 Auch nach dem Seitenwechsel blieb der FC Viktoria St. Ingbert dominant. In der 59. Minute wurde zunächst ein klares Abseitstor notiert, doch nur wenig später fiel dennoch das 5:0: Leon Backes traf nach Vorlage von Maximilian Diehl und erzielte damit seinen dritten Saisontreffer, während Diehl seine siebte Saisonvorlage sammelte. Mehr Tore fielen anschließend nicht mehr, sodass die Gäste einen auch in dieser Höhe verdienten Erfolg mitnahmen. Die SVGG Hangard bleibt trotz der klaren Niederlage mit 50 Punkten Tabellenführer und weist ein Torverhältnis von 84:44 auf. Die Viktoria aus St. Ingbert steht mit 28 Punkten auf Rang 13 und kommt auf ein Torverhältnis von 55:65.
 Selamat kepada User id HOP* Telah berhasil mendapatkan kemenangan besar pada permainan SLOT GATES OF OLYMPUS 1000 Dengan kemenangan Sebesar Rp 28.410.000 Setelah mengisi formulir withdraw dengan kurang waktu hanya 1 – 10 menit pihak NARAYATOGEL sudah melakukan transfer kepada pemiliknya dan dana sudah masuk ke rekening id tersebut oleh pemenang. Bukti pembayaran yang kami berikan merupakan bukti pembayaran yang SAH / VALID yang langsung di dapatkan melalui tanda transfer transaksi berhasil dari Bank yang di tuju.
* * *
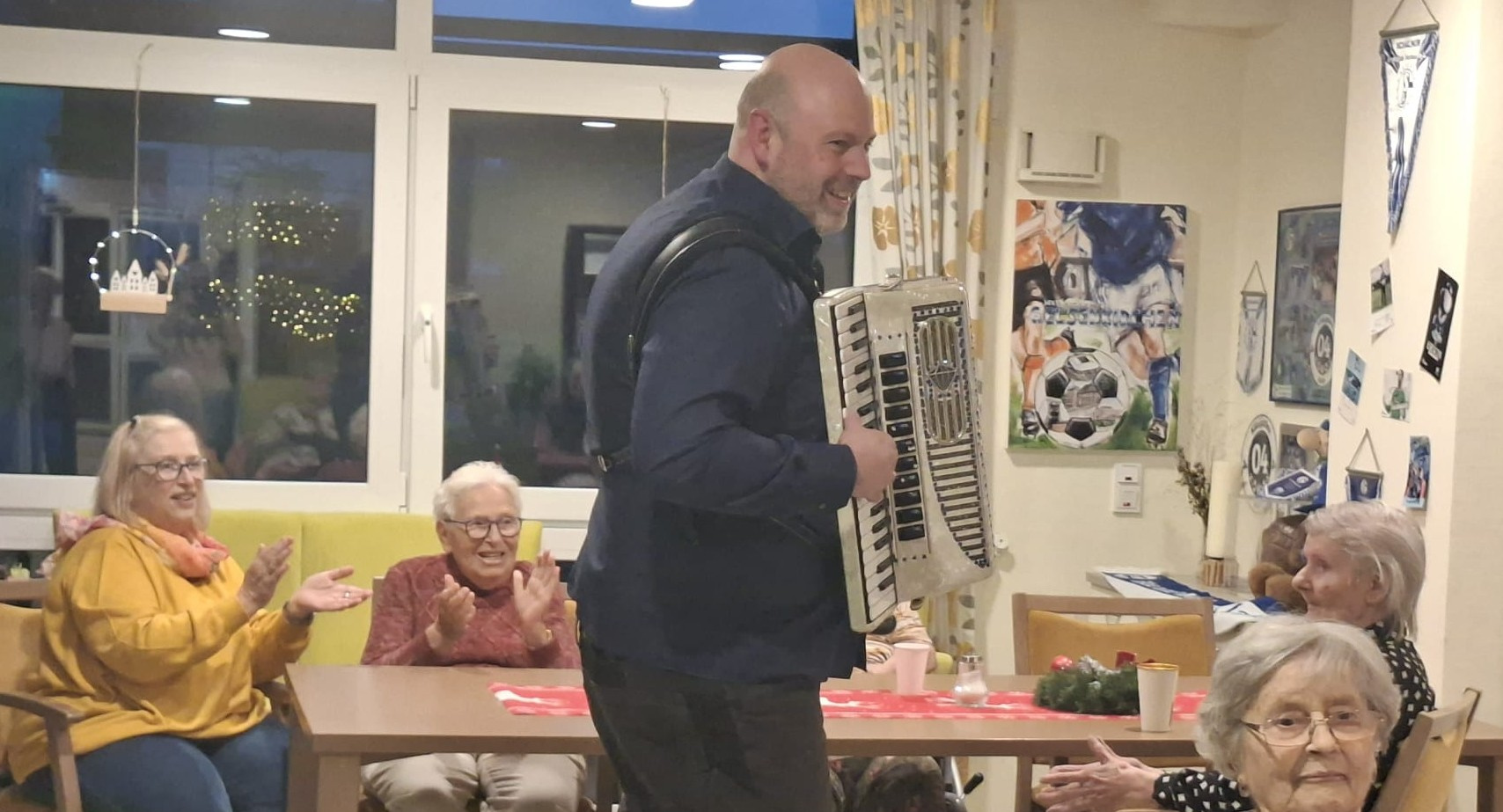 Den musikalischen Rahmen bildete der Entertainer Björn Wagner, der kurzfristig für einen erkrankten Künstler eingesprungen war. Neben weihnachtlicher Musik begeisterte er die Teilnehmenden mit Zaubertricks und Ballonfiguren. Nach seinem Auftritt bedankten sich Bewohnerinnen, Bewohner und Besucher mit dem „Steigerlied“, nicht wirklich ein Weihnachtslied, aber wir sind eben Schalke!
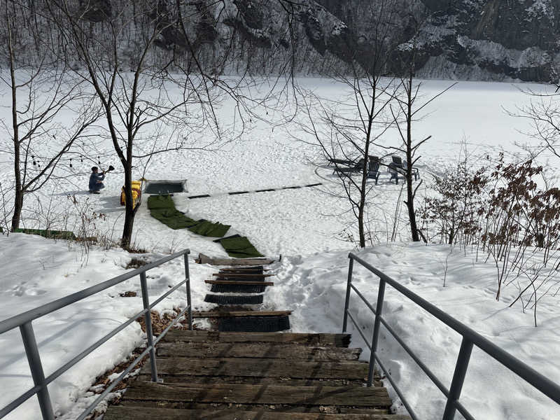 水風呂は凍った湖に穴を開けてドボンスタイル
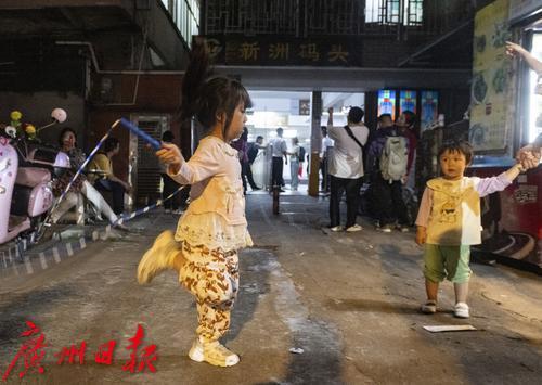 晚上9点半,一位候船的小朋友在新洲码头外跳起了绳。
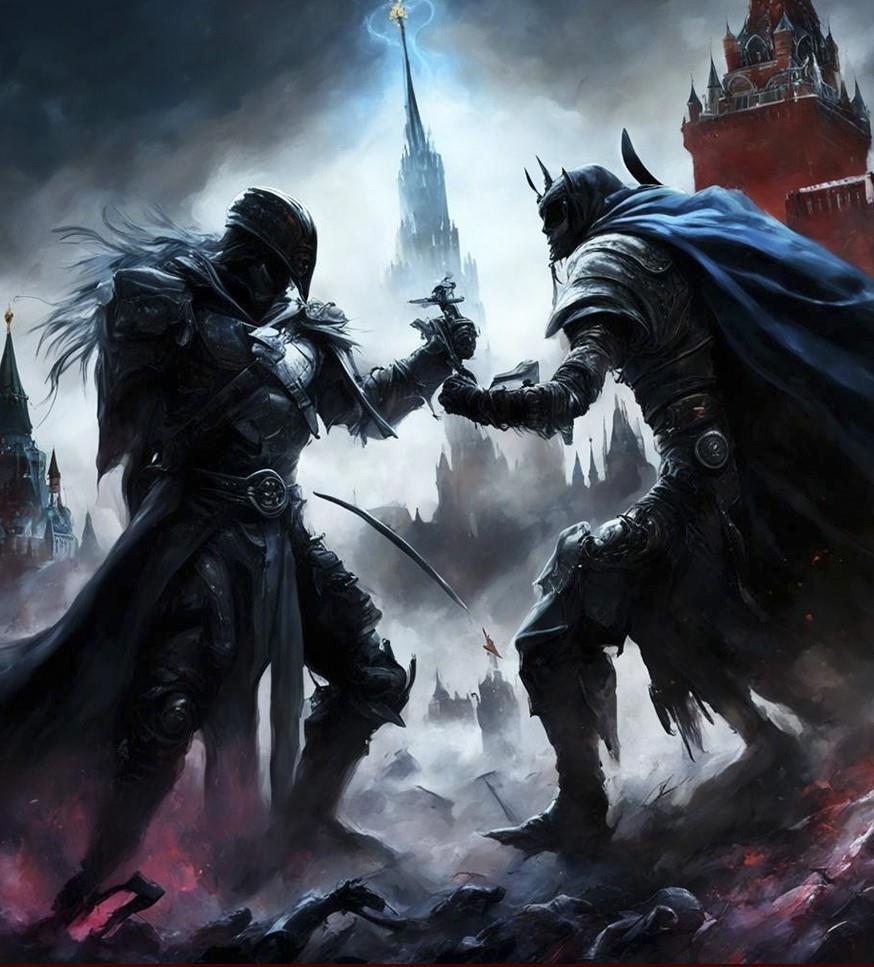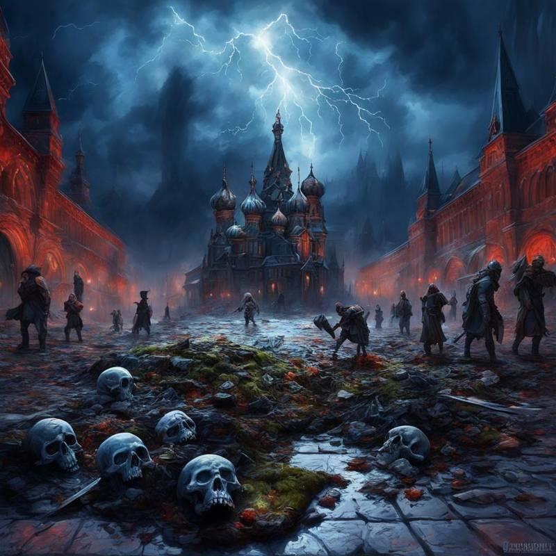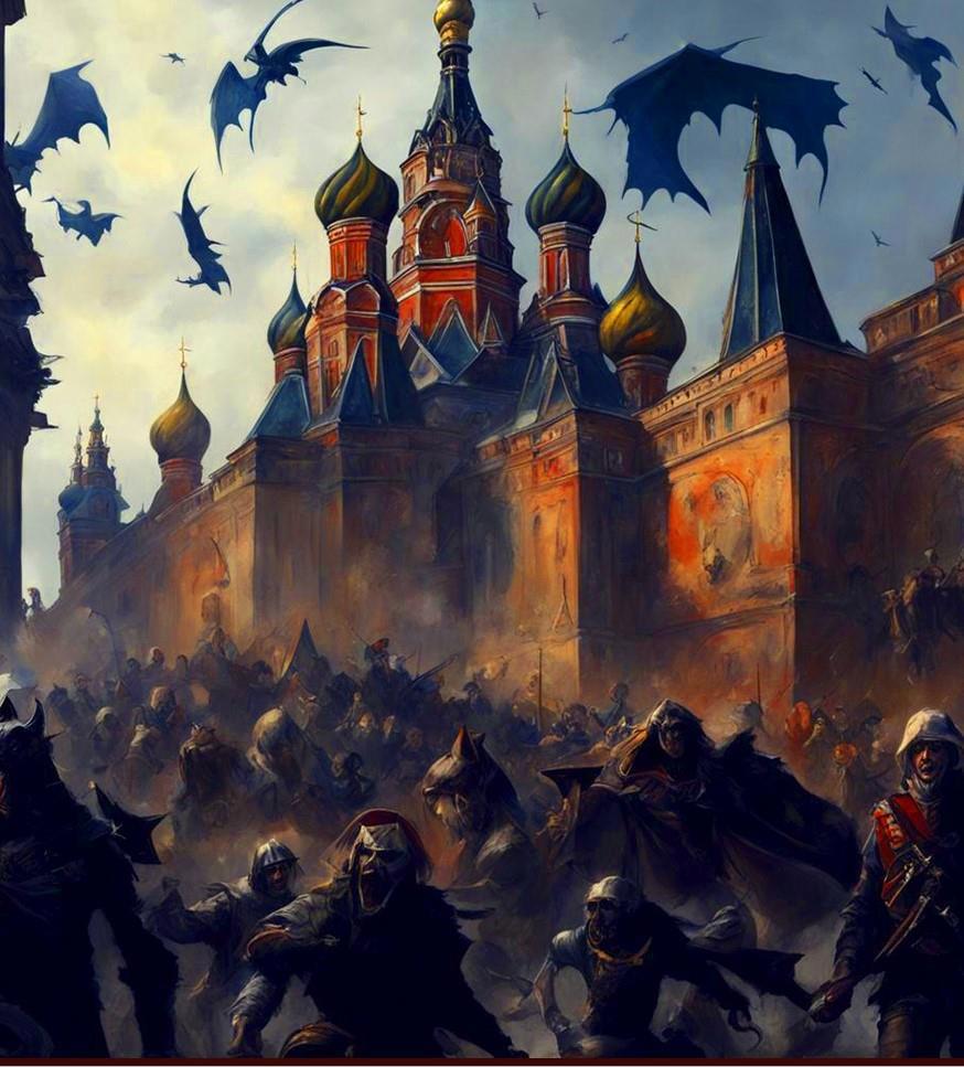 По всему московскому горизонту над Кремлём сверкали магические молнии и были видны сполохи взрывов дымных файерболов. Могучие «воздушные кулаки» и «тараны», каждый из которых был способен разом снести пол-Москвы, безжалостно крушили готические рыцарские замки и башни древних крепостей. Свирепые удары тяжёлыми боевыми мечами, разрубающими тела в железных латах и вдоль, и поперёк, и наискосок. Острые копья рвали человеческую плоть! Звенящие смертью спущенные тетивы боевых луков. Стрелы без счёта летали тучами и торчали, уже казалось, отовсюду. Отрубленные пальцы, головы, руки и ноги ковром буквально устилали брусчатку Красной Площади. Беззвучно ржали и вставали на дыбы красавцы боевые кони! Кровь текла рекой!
* * *
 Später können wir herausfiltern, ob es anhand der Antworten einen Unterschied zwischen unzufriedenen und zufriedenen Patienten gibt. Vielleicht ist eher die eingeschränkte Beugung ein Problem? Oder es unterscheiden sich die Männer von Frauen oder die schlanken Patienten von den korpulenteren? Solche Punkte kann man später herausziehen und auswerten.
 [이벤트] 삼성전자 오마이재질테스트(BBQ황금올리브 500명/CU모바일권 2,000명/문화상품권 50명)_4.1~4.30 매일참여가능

**What to produce**
Exactly the lines above from the one with "Auch nach dem" to the one with "Selamat kepada User", both included, are to be quoted; leave the rest out.

**Exercise output**
 Auch nach dem Seitenwechsel blieb der FC Viktoria St. Ingbert dominant. In der 59. Minute wurde zunächst ein klares Abseitstor notiert, doch nur wenig später fiel dennoch das 5:0: Leon Backes traf nach Vorlage von Maximilian Diehl und erzielte damit seinen dritten Saisontreffer, während Diehl seine siebte Saisonvorlage sammelte. Mehr Tore fielen anschließend nicht mehr, sodass die Gäste einen auch in dieser Höhe verdienten Erfolg mitnahmen. Die SVGG Hangard bleibt trotz der klaren Niederlage mit 50 Punkten Tabellenführer und weist ein Torverhältnis von 84:44 auf. Die Viktoria aus St. Ingbert steht mit 28 Punkten auf Rang 13 und kommt auf ein Torverhältnis von 55:65.
 Selamat kepada User id HOP* Telah berhasil mendapatkan kemenangan besar pada permainan SLOT GATES OF OLYMPUS 1000 Dengan kemenangan Sebesar Rp 28.410.000 Setelah mengisi formulir withdraw dengan kurang waktu hanya 1 – 10 menit pihak NARAYATOGEL sudah melakukan transfer kepada pemiliknya dan dana sudah masuk ke rekening id tersebut oleh pemenang. Bukti pembayaran yang kami berikan merupakan bukti pembayaran yang SAH / VALID yang langsung di dapatkan melalui tanda transfer transaksi berhasil dari Bank yang di tuju.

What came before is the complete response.